Nine acyl-CoA dehydrogenases (ACADs) are involved in mitochondrial fatty acid β-oxidation (FAO), an important energy-producing pathway. Disorders of FAO are common inborn errors of metabolism and genetic deficiencies have been identified for all ACADs except long-chain acyl-CoA dehydrogenase (LCAD). Understanding the function of LCAD and the phenotype of LCAD deficiency may enable identification of unrecognized cases of LCAD deficiency, and eventual treatment, and improve public health.
I hypothesized that human LCAD (hLCAD) and mouse LCAD (mLCAD) are biochemically equivalent, but that hLCAD functions in tissues not normally reliant upon FAO, such as the lung. Additionally, I hypothesized that a missense polymorphism (K333Q), linked to an absence of LCAD antigen in human lung, is deleterious. Recombinant mLCAD, hLCAD, and hLCAD K333Q proteins were purified and biochemically characterized.

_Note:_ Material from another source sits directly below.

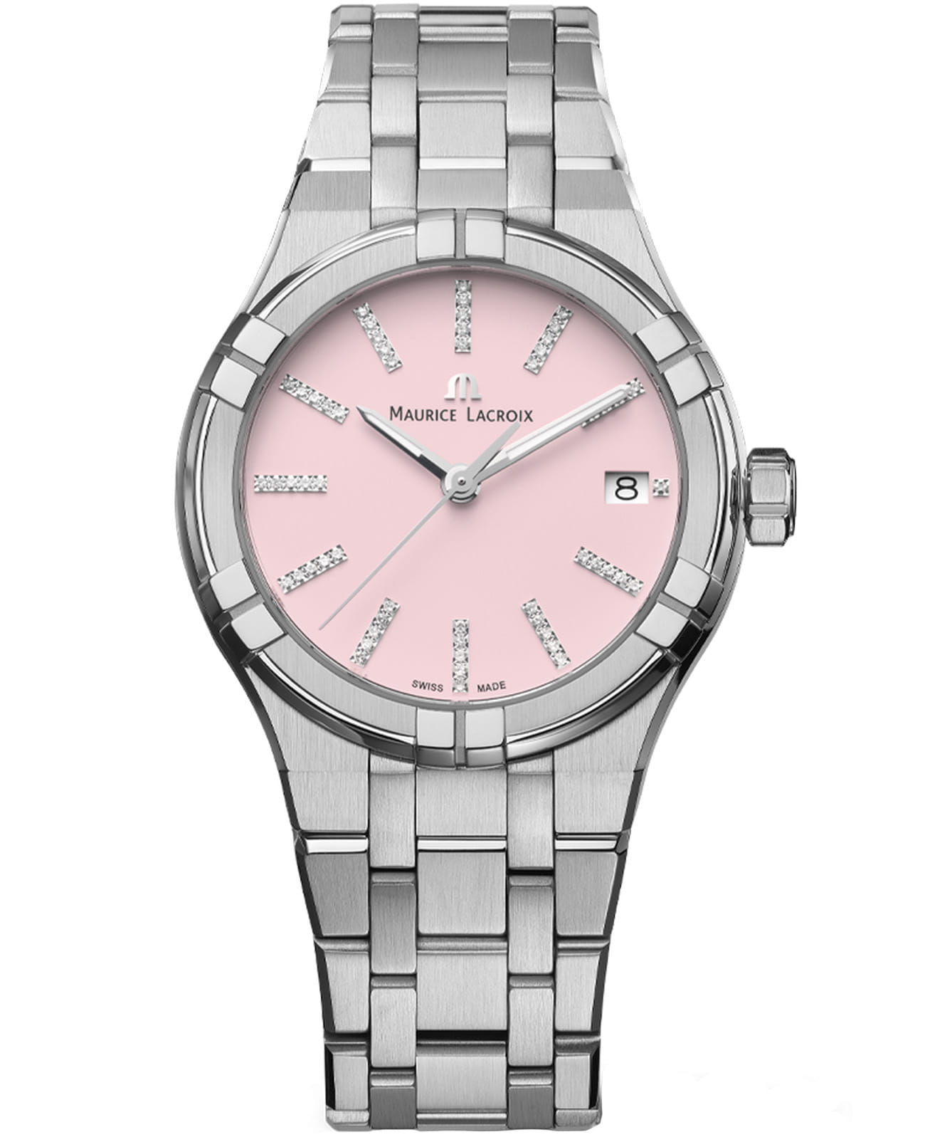 Женские швейцарские механические часы с автоподзаводом Maurice Lacroix Aikon Quartz Colours Edition AI1106-SS002-550-1, механический механизм (автоматический калибр) с высокой точностью. Сапфировое стеклоСапфировое стеклоПрочный и надёжный материал из кристалла сапфира синтетического происхождения, характеризующийся особой твёрдостью и устойчивостью к царапинам и повреждениям. устойчивое к появлению царапин, обладающее высокой прозрачностью. Корпус часов изготовлен из нержавеющей стали. Стрелки с люминесцентным покрытиемЛюминесцентное покрытиеПозволяет считывать показания времени в темноте. Производители наносят на стрелки, часовые индексы, безель или поверхность циферблата светонакопительный состав, дающий холодное свечение.. Водозащита: 100 метров, позволит плавать, нырять и заниматься другими водными видами спорта. Стальной браслет на застёжке-бабочке с кнопкамиЗастёжка "бабочка"Такой вид застёжки дополняется предохранителями, помогающими избежать случайного раскрытия браслета. Обладают изящным исполнением. .
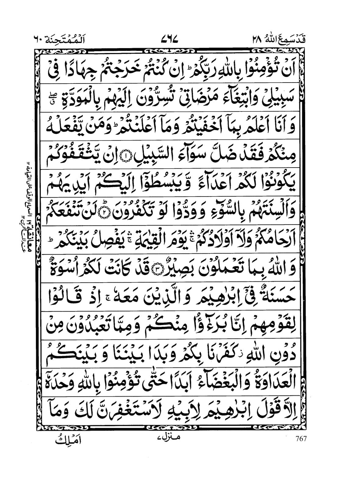 - Yaa ayyuhal lazeena aamanoo laa tattakhizoo ‘aduwwee wa ‘aduwaakum awliyaaa’a tulqoona ilaihim bilmawaddati wa qad kafaroo bima jaaa’akum minal haqq, yukhrijoonar Rasoola wa iyyaakum an tu’minoo billaahi rabbikum in kuntum kharajtum jihaadan fee sabeelee wabtighaaa’a mardaatee; tusirroona ilaihim bilma waddati wa ana a’alamu bimaaa akhfaitum wa maaa a’lantum; wa many yaf’alhu minkum faqad dalla sawaaa’as sabeel

Recombinant mLCAD was more stable and demonstrated higher catalytic efficiency than hLCAD. Additionally, recombinant hLCAD bearing the K333Q substitution demonstrated lower activity, impaired substrate binding, and reduced stability compared to wild-type hLCAD.

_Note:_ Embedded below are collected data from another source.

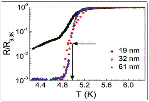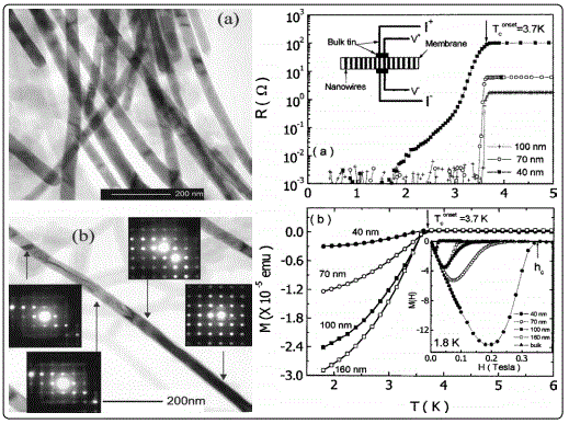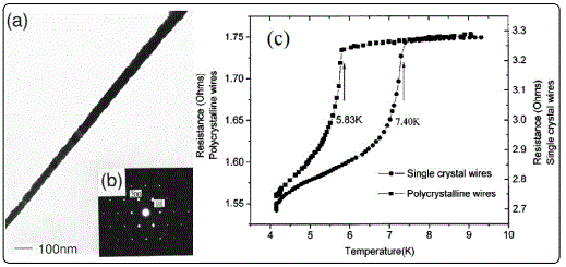 Single crystal superconducting Pb wires (diameter~50 nm) (Figure 9a) prepared by pulse electrode position innanoporous membranes [21] showed significantly higher superconducting transition temperature Tc than that of polycrystalline ones (Figure 9b). The author attributed this to the possible reasons:
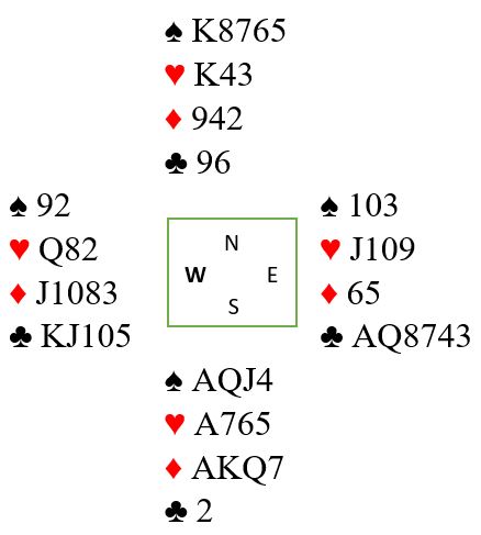 Det svaret er vel på en måte standard (?), men man vet egentlig at det ikke er utspillsblink når det blir presentert sånn som et spørsmål. Ved bordet er dog ruter knekt normalutspillet for de fleste. Og det ble hva Bakke valgte. Dermed var en gylden sjanse til å få et kjempespill ødelagt, for slik så hele spillet ut:
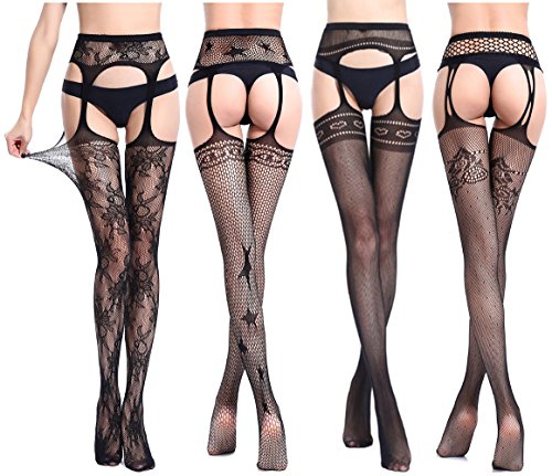 -. Title : QandSweet Womens Stockings Thigh High Sexy Fishnet Lace Suspender Pantyhose Stretchy 4-Pack
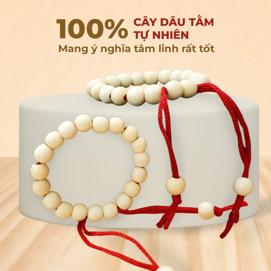Vòng dâu tằm là sản phẩm hoàn toàn tự nhiên, được chế tác 100% từ cây dâu tằm thật, một loại cây mang ý nghĩa tâm linh rất tốt mà từ xa xưa, ông cha ta đã sử dụng để trên đầu giường hay kết thành các vòng đeo tay cho trẻ sơ sinh và trẻ nhỏ để xua đuổi tà ma không cho chúng lại gần con cháu

Based on these findings and on western blotting experiments demonstrating higher LCAD expression in human lung than other long-chain ACAD enzymes, I hypothesized that LCAD K333Q may be associated with lung disease. Primary alveolar type II (ATII) cells from individuals homozygous for the minor Q allele had five-fold less LCAD antigen than ATII cells from individuals homozygous for the major K allele, consistent with lower protein stability. Cohorts of neonates with respiratory distress syndrome and children hospitalized for pneumonia were genotyped for LCAD K333Q. Association of lung function with different genotypes at the K333Q locus was examined in the Long Life Family Study (LLFS) (N=4953). Contrary to the hypothesis, the LCAD K333Q locus was not associated with lung disease. Heterozygotes for the Q allele were under-represented among children hospitalized with pneumonia, whereas homozygotes for the K allele were over-represented, suggesting that carrier status for K333Q confers some benefit. Individuals in the LLFS who carried the Q-allele at the K333Q locus had increased lung function. In conclusion, recombinant mLCAD was biochemically superior to hLCAD, which was superior to hLCAD K333Q. However, the K333Q polymorphism was not associated with respiratory distress or pneuomonia-induced complications.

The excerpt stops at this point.